# Diablo 2: how to turn on right mouse button?



## llyrwy (Apr 18, 2003)

I have a two button Logitech MX500 Optical Mouse but for some reason I the right mouse button has the same function as the left mouse button in the game.

I have to press Command-leftmouse button to have the desired effect of the right mouse button.

Does anybody know how to configure the right mouse button?

Pls help. Thanks.


----------



## Greystroke (Apr 18, 2003)

press escape
go to options
and then configure controls i believe it is...


if i'm thinking of the right thing there should be an option in there some where to correct your problem, along with lots of other things that you can customize like screen capture, inventory ans so on


----------



## llyrwy (Apr 18, 2003)

There isnt an option for the right mouse button.
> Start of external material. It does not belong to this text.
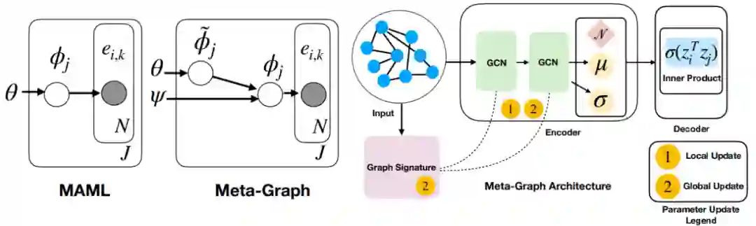 左:Meta-Graph 与 MAML(Model-Agnostic Meta-Learning) 的结构比较;右:Meta-Graph 具体架构。
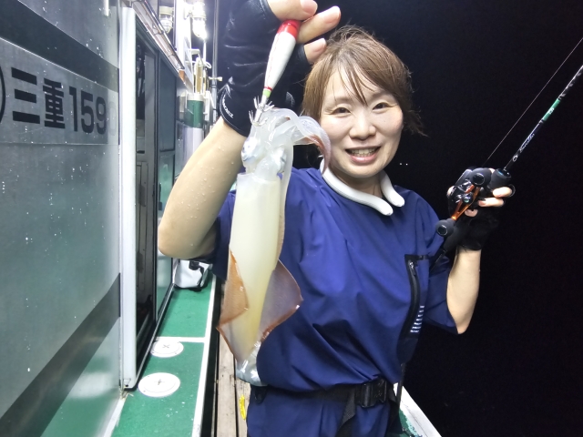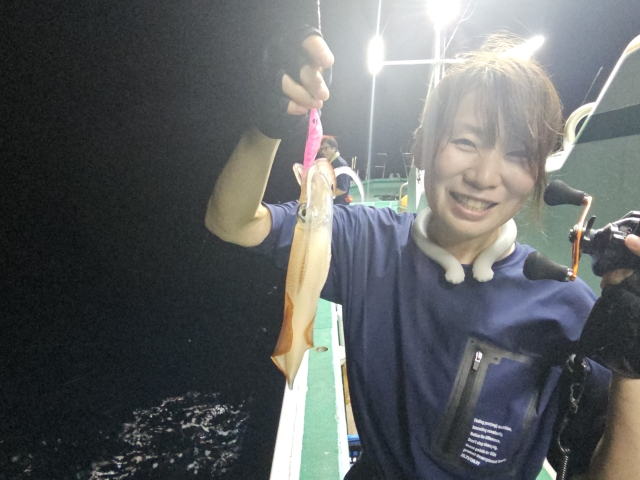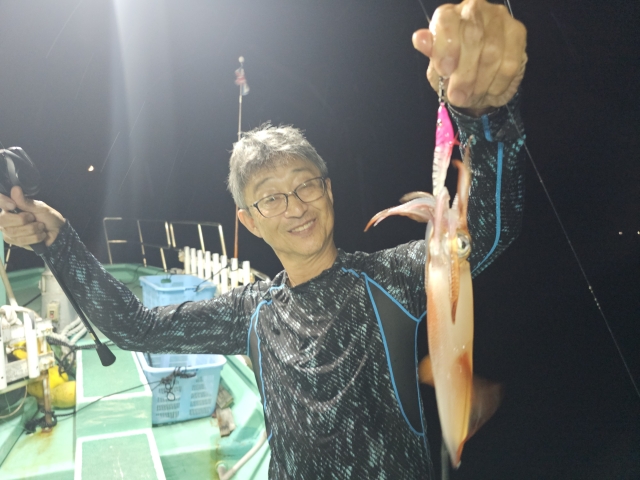アカイカ 15-23cm 10-18杯 半夜便アカイカ乗り合いで出船。 アカイカ10杯~18杯! お客様に混じって、 地元では有名な方も乗船でした(笑) サバフグは全く無しで何より。 当りはポツポツでした。 竿頭は岐阜の加藤様(夫)で18杯! 名古屋の小川様の会社の同僚。 小川様は惜しくも17杯。 全員安打で全員がツ抜け! 水温28.5度

These are all provisions for configuring hotkeys. There is no option for giving your right mouse button the effect of "Cmd-click".

isnt this supposed to be automatic??


----------



## llyrwy (Apr 18, 2003)

pls help somebody.


----------



## a2daj (Apr 18, 2003)

In OS X it should just work unless your mouse drivers are causing issues. Which ones do you have installed?  The Logitech ones?  I mave an Mx700 but never bothered installing the included Logitech drivers.  I went straight for USB Overdrive.  If possible, see if you can disable the Logitech drivers for a bit to see if you can get right clicking working.

In OS 9, you have to enable multibutton support in the dialog box that shows up when you open the app.  If you disabled the app, hold down option while opening the app to make it reappear.


----------



## llyrwy (Apr 18, 2003)

thanks. i fixed the problem by installing the 1.09d patch carbon version. prior to this i was running 1.09 under classic and my mouse, even if selected as multibuttoned, woul d not work properly.


----------



## Arden (Apr 18, 2003)

On an almost related topic, I have a Starlogic multibutton mouse on my iMac that has a small trackball instead of a scroll wheel.  I have no problem configuring my mouse with USBOD in 9, but in X USBOD doesn't work.  This mouse is not officially supported for the Mac, and so I can't just install their driver to make it work.  Does anyone know a compatible mouse driver that I can use, under either system (like to make my ball scroll left & right)?


----------